## RECORDED DATA
----------------------------------------
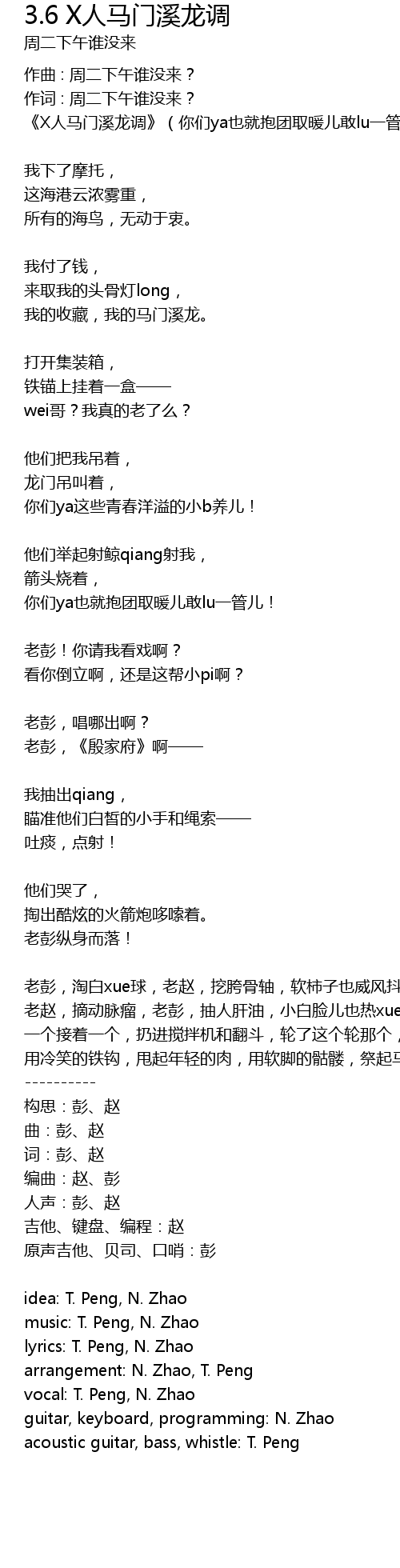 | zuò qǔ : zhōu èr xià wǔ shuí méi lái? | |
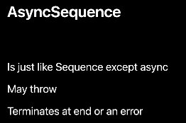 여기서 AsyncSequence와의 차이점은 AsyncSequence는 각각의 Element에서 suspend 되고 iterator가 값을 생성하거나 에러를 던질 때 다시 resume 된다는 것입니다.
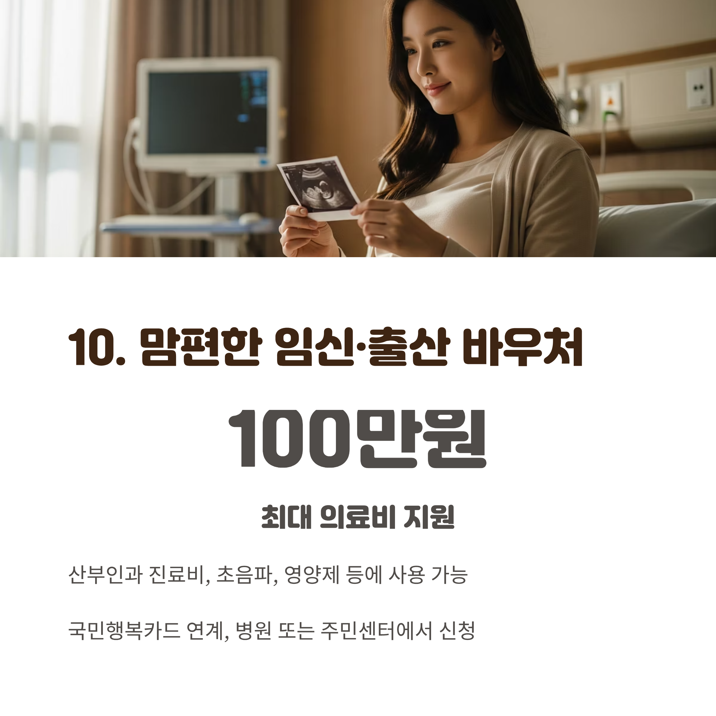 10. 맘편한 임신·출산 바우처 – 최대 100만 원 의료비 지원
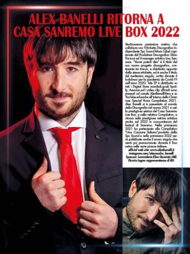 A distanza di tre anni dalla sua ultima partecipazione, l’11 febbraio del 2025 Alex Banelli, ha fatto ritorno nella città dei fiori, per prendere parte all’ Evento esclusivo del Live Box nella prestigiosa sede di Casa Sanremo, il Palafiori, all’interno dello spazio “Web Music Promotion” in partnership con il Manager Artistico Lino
----------------------------------------
## TASK DESCRIPTION
Could the data above be returned in full, exactly, with every image left out?

## WRITTEN REPLY
 | zuò qǔ : zhōu èr xià wǔ shuí méi lái? | |
 여기서 AsyncSequence와의 차이점은 AsyncSequence는 각각의 Element에서 suspend 되고 iterator가 값을 생성하거나 에러를 던질 때 다시 resume 된다는 것입니다.
 10. 맘편한 임신·출산 바우처 – 최대 100만 원 의료비 지원
 A distanza di tre anni dalla sua ultima partecipazione, l’11 febbraio del 2025 Alex Banelli, ha fatto ritorno nella città dei fiori, per prendere parte all’ Evento esclusivo del Live Box nella prestigiosa sede di Casa Sanremo, il Palafiori, all’interno dello spazio “Web Music Promotion” in partnership con il Manager Artistico Lino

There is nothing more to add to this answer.